*SUPPLIED MATERIAL:*
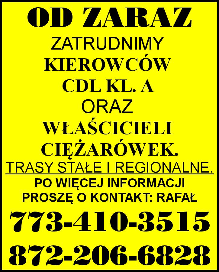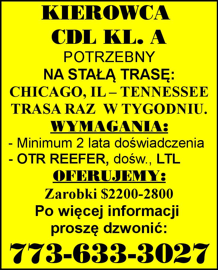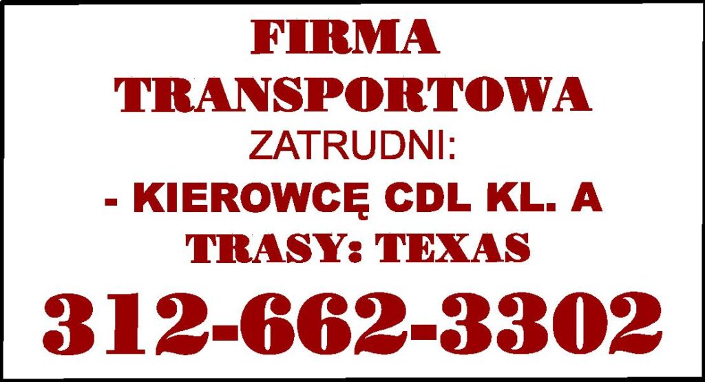 DOBRZE PROSPERUJĄCA FIRMA TRANSPORTOWA ZATRUDNI KIEROWCÓW CDL KL. A TRASY: CHICAGO - TEXAS HOUSTON - DALLAS - TEXAS PROSZĘ DZWONIĆ: 847-361-6870
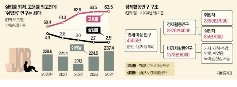 통계청에 따르면 실업률은 2.9%로 예상보다 낮은 것처럼 보인다. 그러나 구직활동 단념을 의미하는 쉬었음 인구는 증가하여 2024년 역대 최대 237만 명을 기록하고 있다. 실질적 실업률이 증가하고 있는 것이다.
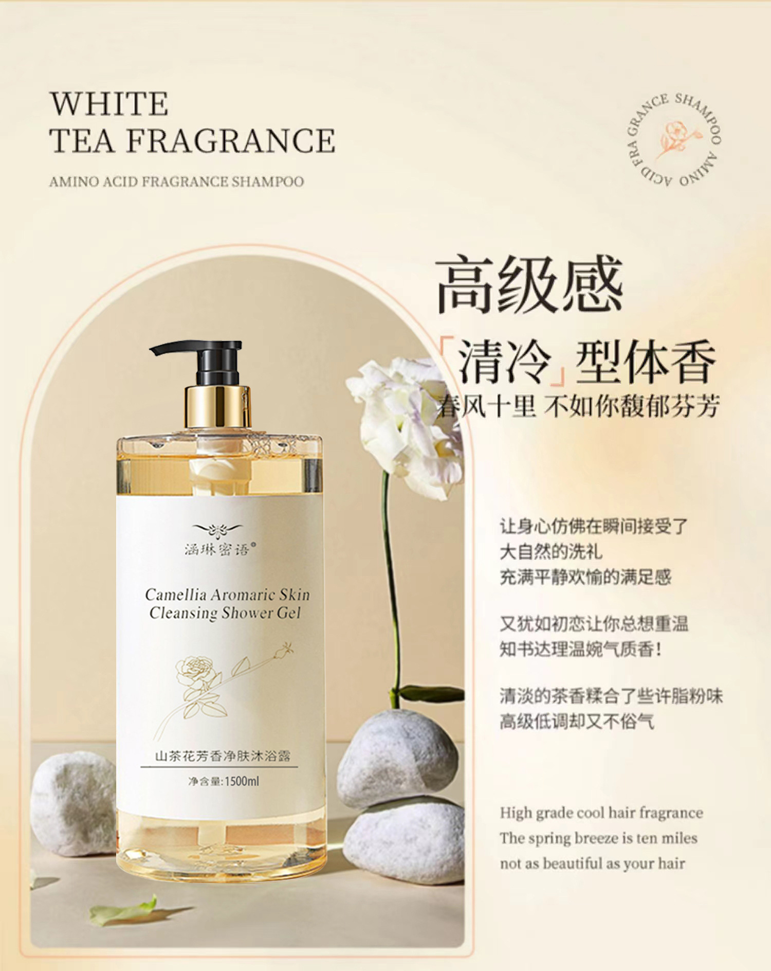 Пакет 1.5кг геля для душа Камелия, длительный аромат, увлажняющий парфюм, большой семейный пакет для мужчин и женщин

*WHAT YOU WILL DO:*
After locating the line with "통계청에 따르면 실업률은" in the listing above, transcribe it and every line after it to the last, exactly, with no pictures.

*RESPONSE TO THE TASK:*
 통계청에 따르면 실업률은 2.9%로 예상보다 낮은 것처럼 보인다. 그러나 구직활동 단념을 의미하는 쉬었음 인구는 증가하여 2024년 역대 최대 237만 명을 기록하고 있다. 실질적 실업률이 증가하고 있는 것이다.
 Пакет 1.5кг геля для душа Камелия, длительный аромат, увлажняющий парфюм, большой семейный пакет для мужчин и женщин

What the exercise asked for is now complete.